Thats tough, im sorry its so ackward.  My stepdad has been in my life since I was 2 but my dad use to shove his second wife down our throats.. It was aweful and caused us distance at the time (I was 7).  I would talk to your mom like an adult and lay out the whole scene beginning to end.  As far as your inviitations go, we are writing “together with their parents” 1. Wed need a scroll to include all of our divorced and remarried parents names 2. we dont want to specifically include or exclude people.  Maybe choose bro and sister in law or a neutral party to sign the marriage license (Grandparents, cousins etc) as to not offend her or your dad.  And say that you and FH would like to go out to dinner with dad, them and whoever signed your licenses or whoever you invite.  Lay it all out very clear and make sure she gets it.  And that its not to slam her or make her uncomfortable but he is your dad and the falling out was not about you… Also, for grandbabies.  I was simply dad that granddaddy makes you uncomfortable, maybe you could choose a non-formal name to call him.  I know you may not be in love with this guy, but he is a step grandpa and in my eyes deserves some kind of title?

Post # 9
5092 posts
Bee Keeper
  • Wedding: June 2011

This doesn’t solve the bigger problem, but for the invitations, one way to get around it is to use the “Jane Smith and John Jones, together with their families, request the pleasure of your company…” wording.  People reading that language can define “family” however they want in their own minds.

Post # 10
649 posts
Busy bee
  • Wedding: February 2010

@LeahKS:It’s horrible horrible horrible. We were being split into 3 by the wedding and now I feel like we’re being split again by the holidays. Who the hell do we spend our holidays with if everyone hates each other? The answer is that if we choose one, the rest get angry!

Post # 11
2536 posts
Sugar bee
  • Wedding: July 2010

As someone who has all kinds of divorce in her family, I understand somewhat. To make things easier at my reception, I told our bridal party to watch for drama and they did.

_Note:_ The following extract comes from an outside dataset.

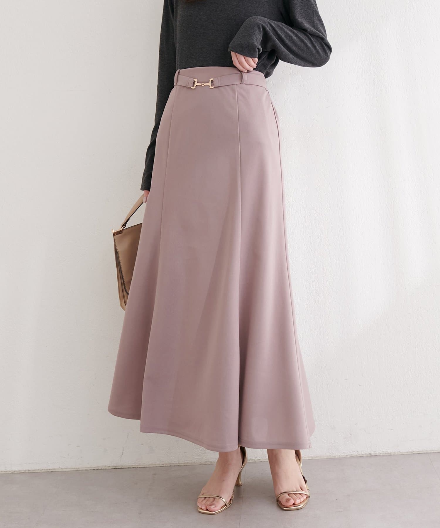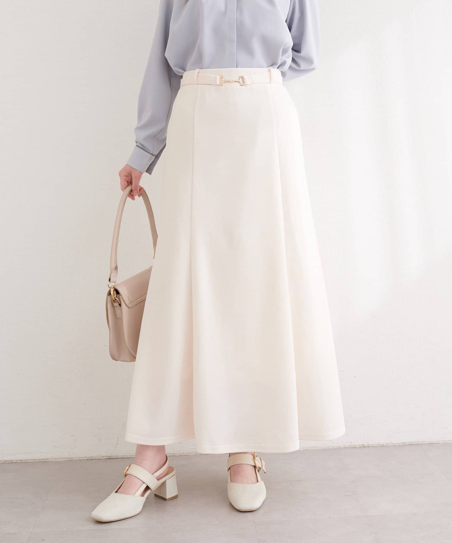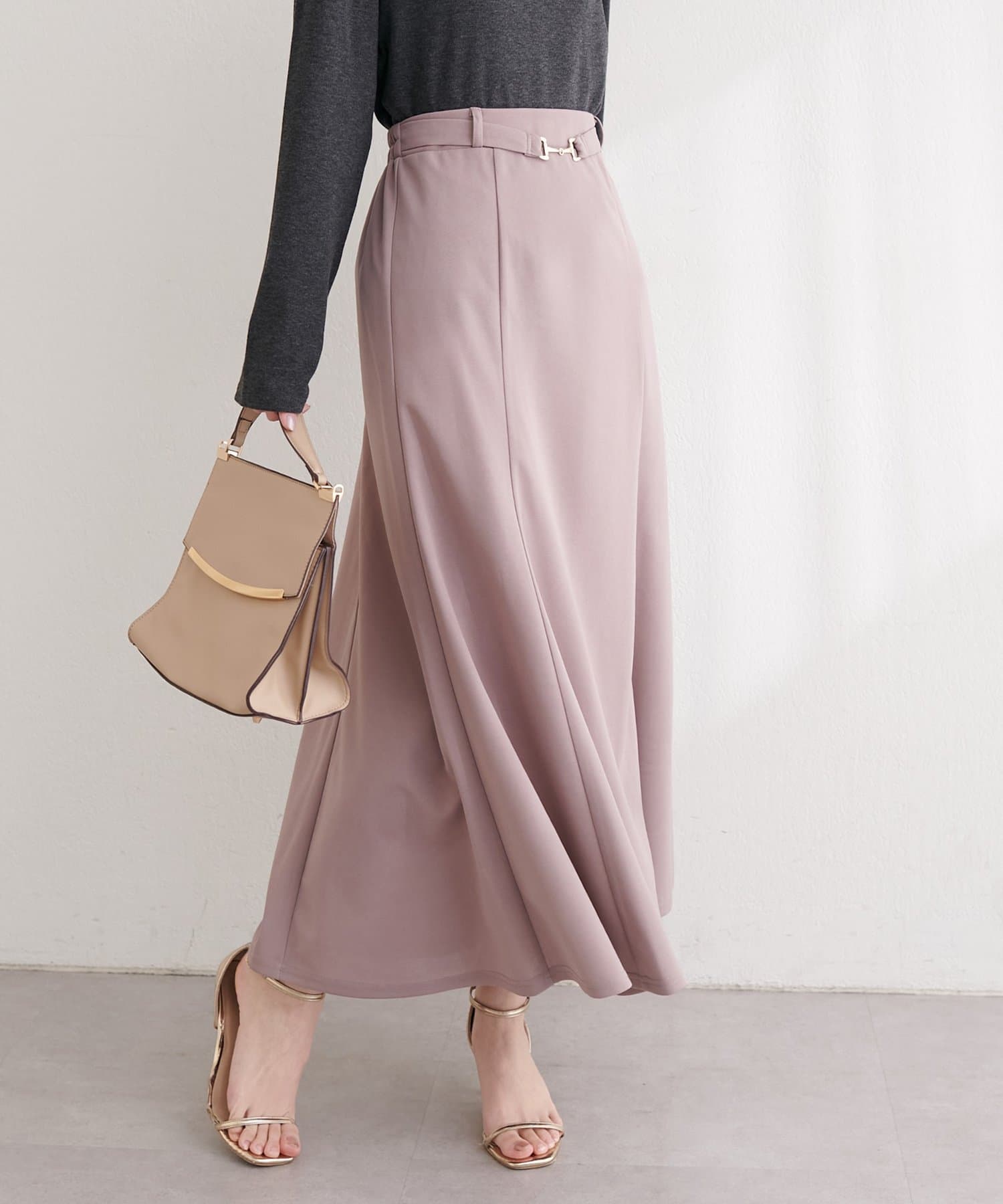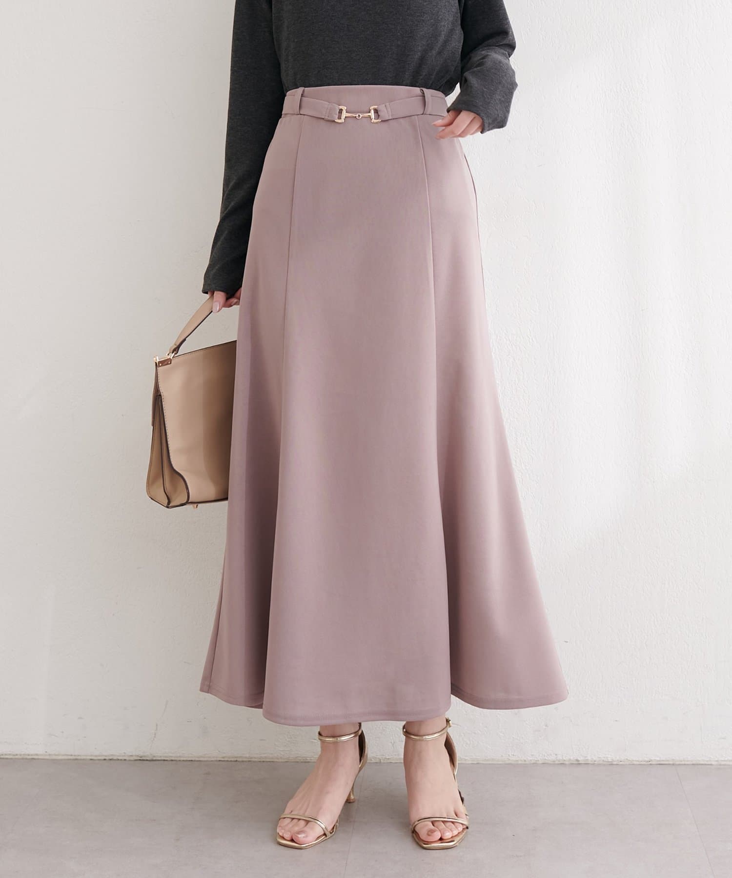 すっきりとしたIラインシルエットと、裾にかけて緩やかに広がるフレアが、女性らしい上品な印象を与えてくれます。

I had several people tell me after the honeymoon that they had to step in here and there. I never knew. They were amazing. As for including your Dad and not step-dad, do what you want to do. If it offends your Mom, maybe she’ll miss your wedding and understand what your Dad’s been put through these past few years. Yeah, harsh, but your Dad is your Dad. The step-dad just so happens to be married to your mother. I’ve dealt with this in the past, but I refuse to bow down to it because once I bow to it, it will dictate my life which I will not allow to happen.